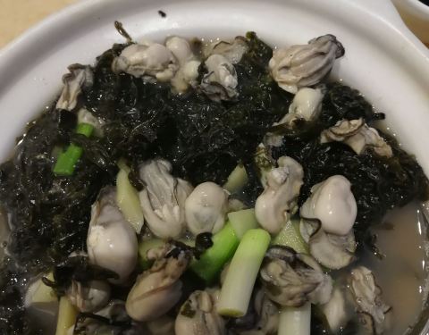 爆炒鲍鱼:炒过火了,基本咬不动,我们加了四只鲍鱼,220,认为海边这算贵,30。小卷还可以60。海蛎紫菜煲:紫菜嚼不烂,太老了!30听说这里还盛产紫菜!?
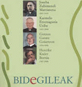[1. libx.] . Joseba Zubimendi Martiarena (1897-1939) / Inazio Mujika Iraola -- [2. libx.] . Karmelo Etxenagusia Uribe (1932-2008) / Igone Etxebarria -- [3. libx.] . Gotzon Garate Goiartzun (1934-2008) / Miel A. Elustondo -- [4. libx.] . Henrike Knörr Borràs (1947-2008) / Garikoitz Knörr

==

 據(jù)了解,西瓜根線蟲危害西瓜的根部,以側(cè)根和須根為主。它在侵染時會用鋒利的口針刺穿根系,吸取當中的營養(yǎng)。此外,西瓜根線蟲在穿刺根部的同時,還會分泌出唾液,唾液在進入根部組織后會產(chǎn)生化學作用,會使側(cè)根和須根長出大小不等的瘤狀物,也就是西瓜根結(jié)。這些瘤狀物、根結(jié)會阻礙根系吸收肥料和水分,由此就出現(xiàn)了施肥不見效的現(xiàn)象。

* * *

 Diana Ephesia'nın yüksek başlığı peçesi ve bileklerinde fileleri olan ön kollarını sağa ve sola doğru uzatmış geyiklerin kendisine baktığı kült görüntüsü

> [WHAT IS REQUIRED]:
Given the listing above, retype only the span of lines from the line with "爆炒鲍鱼:炒过火了,基本咬不" up to and including the line with "[1. libx.] .", exactly as it stands and without pictures.

> [RESPONSE TO THE TASK]:
 爆炒鲍鱼:炒过火了,基本咬不动,我们加了四只鲍鱼,220,认为海边这算贵,30。小卷还可以60。海蛎紫菜煲:紫菜嚼不烂,太老了!30听说这里还盛产紫菜!?
[1. libx.] . Joseba Zubimendi Martiarena (1897-1939) / Inazio Mujika Iraola -- [2. libx.] . Karmelo Etxenagusia Uribe (1932-2008) / Igone Etxebarria -- [3. libx.] . Gotzon Garate Goiartzun (1934-2008) / Miel A. Elustondo -- [4. libx.] . Henrike Knörr Borràs (1947-2008) / Garikoitz Knörr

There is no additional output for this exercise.